▶ [Task directions] Here the job is to repeat the listing exactly, but not the pictures in it.

▶ [Supplied material]
**********
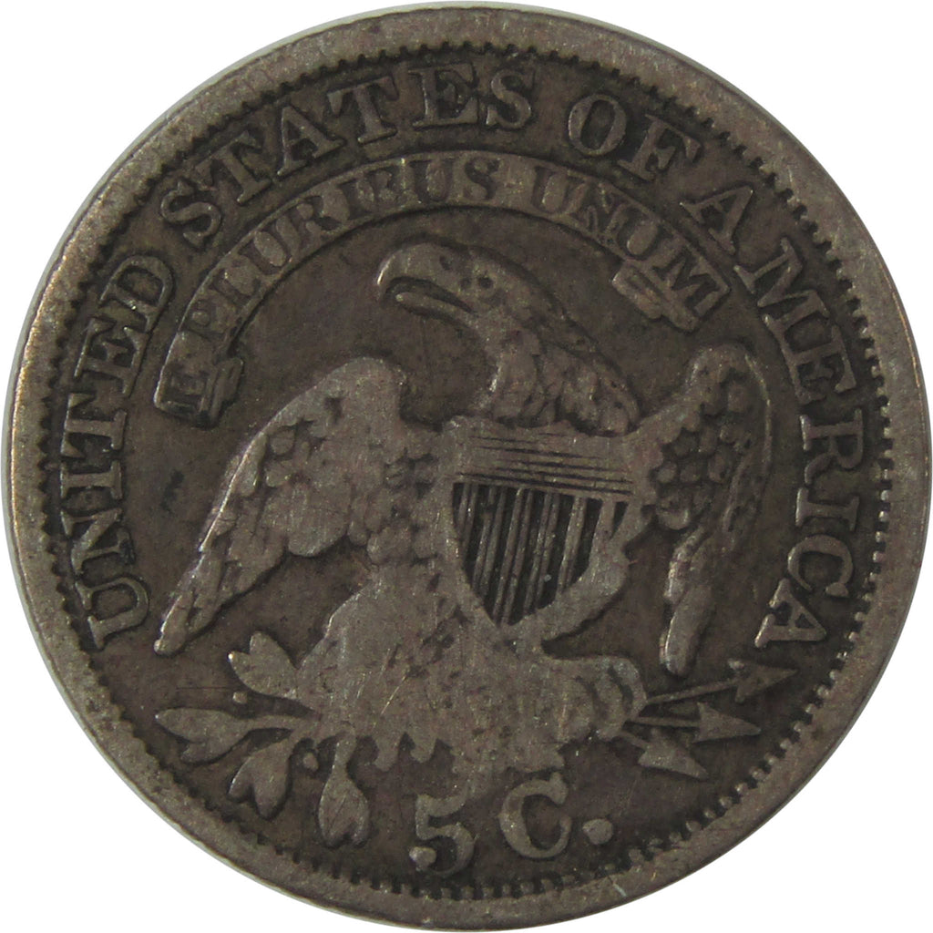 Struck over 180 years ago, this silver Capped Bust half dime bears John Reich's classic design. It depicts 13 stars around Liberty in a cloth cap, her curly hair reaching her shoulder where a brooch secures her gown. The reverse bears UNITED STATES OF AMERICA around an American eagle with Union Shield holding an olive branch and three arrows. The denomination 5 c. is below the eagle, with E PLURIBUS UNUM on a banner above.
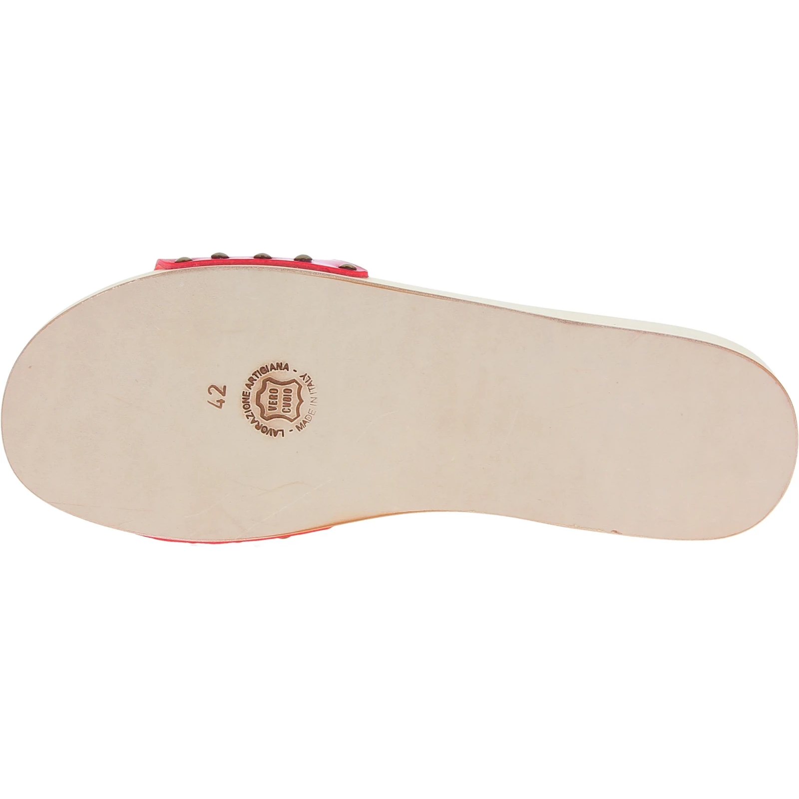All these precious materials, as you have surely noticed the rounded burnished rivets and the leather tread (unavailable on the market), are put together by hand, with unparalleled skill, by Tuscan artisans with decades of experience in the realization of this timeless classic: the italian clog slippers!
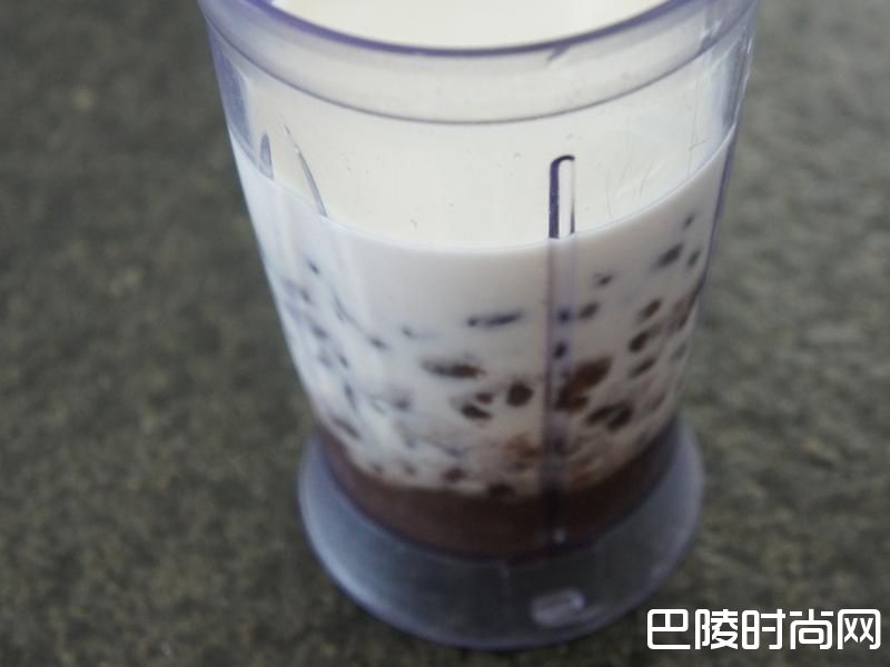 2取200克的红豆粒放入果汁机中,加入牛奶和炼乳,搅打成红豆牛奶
**********
▶ [Result for this exercise]
 Struck over 180 years ago, this silver Capped Bust half dime bears John Reich's classic design. It depicts 13 stars around Liberty in a cloth cap, her curly hair reaching her shoulder where a brooch secures her gown. The reverse bears UNITED STATES OF AMERICA around an American eagle with Union Shield holding an olive branch and three arrows. The denomination 5 c. is below the eagle, with E PLURIBUS UNUM on a banner above.
All these precious materials, as you have surely noticed the rounded burnished rivets and the leather tread (unavailable on the market), are put together by hand, with unparalleled skill, by Tuscan artisans with decades of experience in the realization of this timeless classic: the italian clog slippers!
 2取200克的红豆粒放入果汁机中,加入牛奶和炼乳,搅打成红豆牛奶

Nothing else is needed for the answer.